Pfizer bivalent COVID-19 vaccine starts rollout
The NHS is moving to the next phase of its SARS-CoV-2 vaccination programme, following health secretary Steve Barclay’s acceptance of advice from the Joint Committee on Vaccination and Immunisation (JCVI) to go ahead with rollout of Pfizer’s bivalent 30mg booster shot this week.
The decision follows approval by the Medicines and Healthcare products Regulatory Agency (MHRA) last Saturday, which gave the green light for use of the new vaccine in those aged 12 years and above.

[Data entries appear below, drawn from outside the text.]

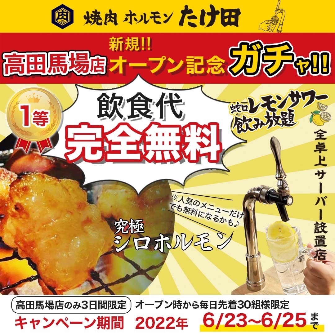 この度、『焼肉ホルモンたけ田』は、その飲食激戦区の一つである高田馬場への出店を決意いたしました。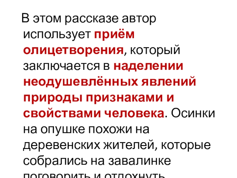 Слайд 16 В этом рассказе автор использует приём олицетворения, который заключается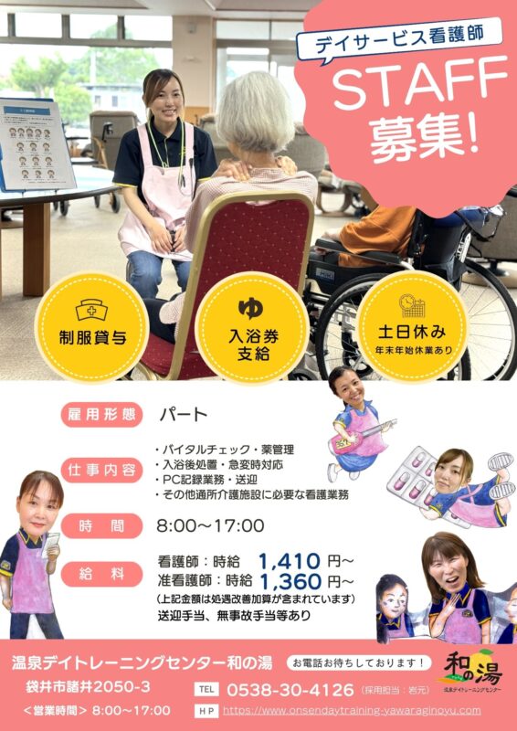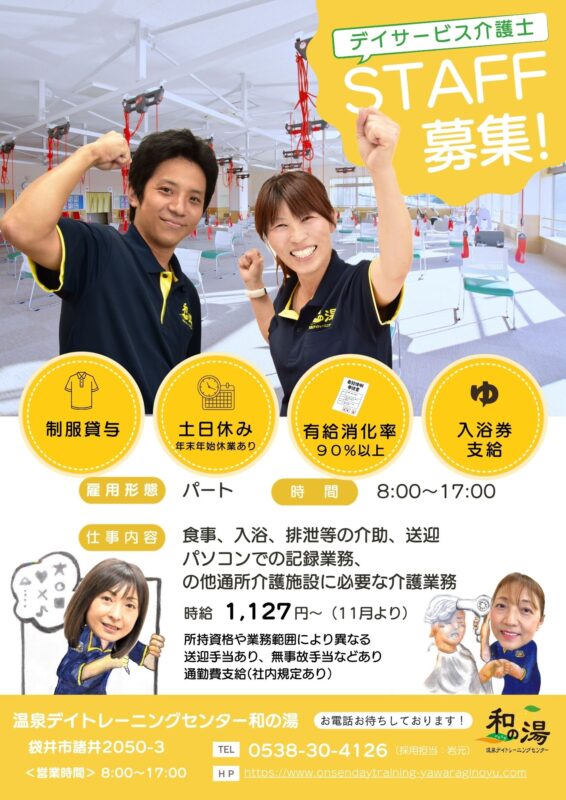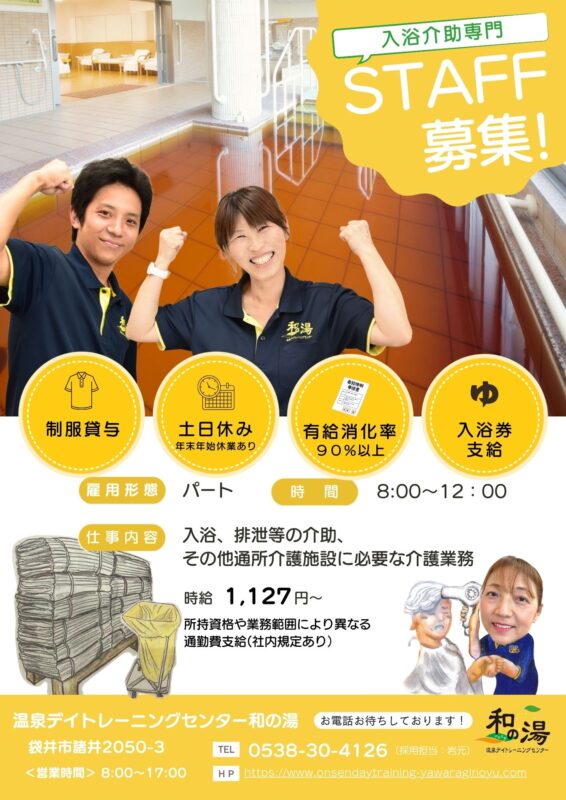 温泉デイトレーニングセンター和の湯では、一緒にお仕事をしてくださる仲間を募集しております!

NHS England having indicated that vaccine supply levels are at their “strongest ever”, from Wednesday 7 September the autumn booster campaign will begin being made available to millions of people, including those aged 75 and over, the immunosuppressed, and healthcare workers. Those aged 5 and over on the learning disabilities register will also be eligible, under new Green Book guidance.
Individuals will be invited to book online or by calling 119. A period of three months must have passed since a previous booster.
The news follows the recent recommendation of the human medicines committee (CHMP) of the European Medicine Agency (EMA) to authorise COVID-19 bivalent vaccines from both Pfizer/BioNTech and Moderna.
The Pfizer bivalent Original/Omicron vaccine includes mRNA that targets both the original virus strain (15mg) spike protein and mRNA for Omicron BA.1 (15mg) spike protein. According to Albert Bourla, chairman and chief executive officer at Pfizer, the “BA.1-adapted bivalent vaccine was clinically shown to have a favourable safety profile with immunogenicity against both wild type and Omicron strains”.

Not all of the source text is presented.